Sicher ist Ihnen aufgefallen, dass in meinem Blog keine Wunderrezepte oder Allheilmittel beschrieben werden. Diese gibt es schlichtweg nicht. Wenn das realistische Marktpotenzial schrumpft, gibt es eben neue Rahmenbedingungen, auf die sich das Management einstellen muss. Die Stellhebel liegen eher in der operativen Umsetzung - eben im Sinne einer cleveren Vertriebstaktik. Die gute Nachricht für alle, die jetzt Gas geben wollen, ist: Die meisten Unternehmen machen meiner Erfahrung nach genau in diesen operativen Themen die Fehler. Das ist Ihre Chance!

Kommentar 1:

In den Rahmenbedingungen vermisse ich die Faktoren "Vertrauen und Motivation". Dieses zu vermitteln ist für Führungskräfte prinzipiell eine große Herausforderung. In Krisenzeiten jedoch gilt dies ganz besonders. Sie bilden sozusagen das Fundament auf der die Vertriebstaktik steht oder fällt.

S. Osman


Kommentar 2:

Krisensituationen eignen sich nicht zum Üben am Patienten und zum Forschen nach der richtigen Lösung. Daher wird gerade dann professionelles und erfahrenes Sales-Leadership zur Maßnahmenidentifikation und der Umsetzung von zielgerichteten Initiativen zum Erfolgsfaktor.
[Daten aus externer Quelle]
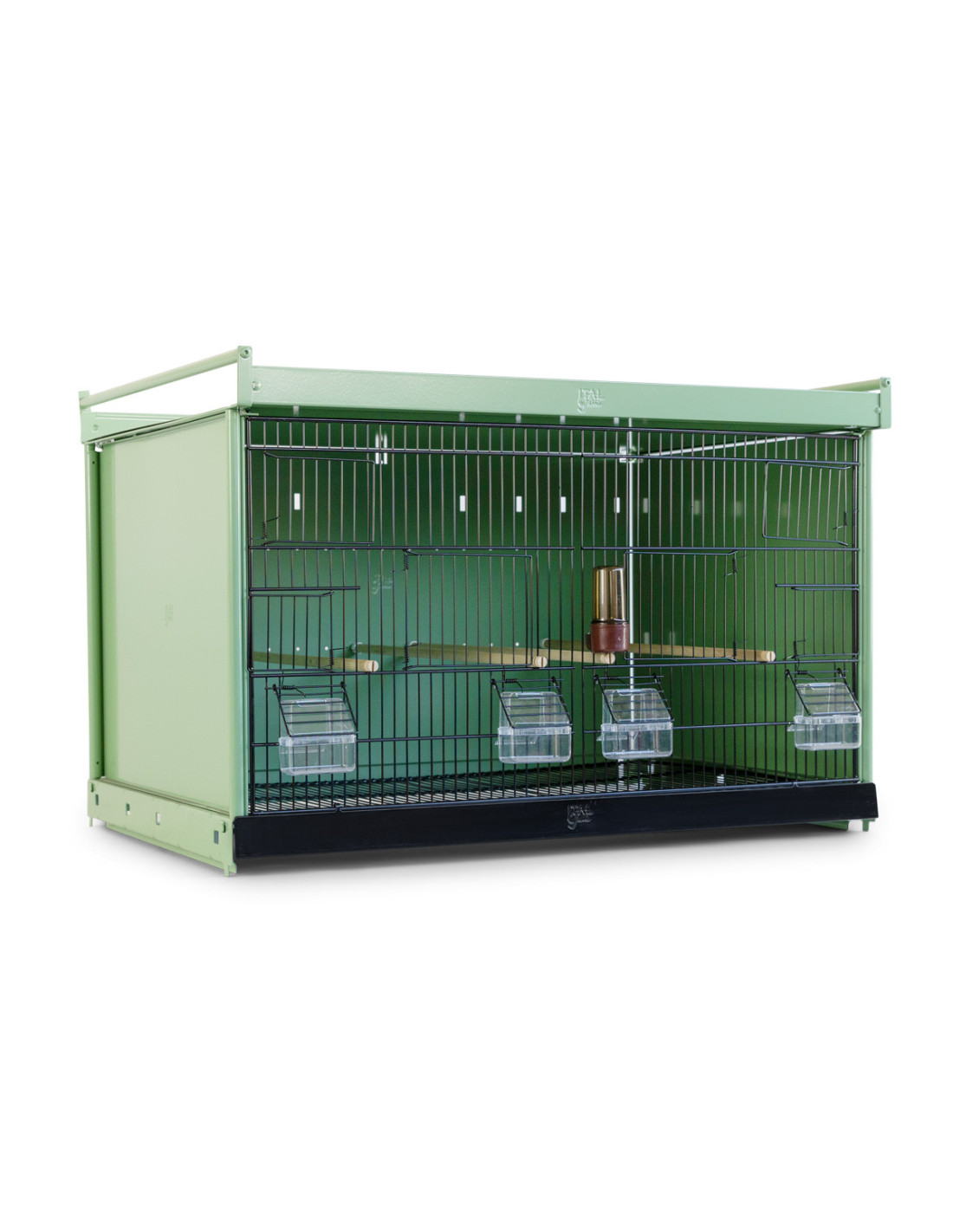 Front divisible in 2 parts of 30 cm, 4 doors for ext.feeders 2 for int. 1 bottom grill and 4 perches.

Das Turnaround-Instrumentarium sollte wohl überlegt aus allen Ebenen der Vertriebssteuerung selektiert und als Programm gefahren werden:

1) Sales-Strategie: Fokus-Kunden, Fokus-Portfolio, Pricing, etc.

2) Business Development: Attack-Program aufsetzen und steuern incl. Kommunikation, Sales-Enablement, etc.

3) Operativer Sales: Pipelinemanagement, Salesoperations, etc

4) Sales-Controlling

5) People/ Talent: selected Hiring, Training, Zielvereinbarungen, Motivation etc.

Nur ein strukturierter Ansatz wird erfolgreich sein- alles andere ist purer Zufall. Das ist längst bekannt und dennoch immer wieder so schwer in der Umsetzung.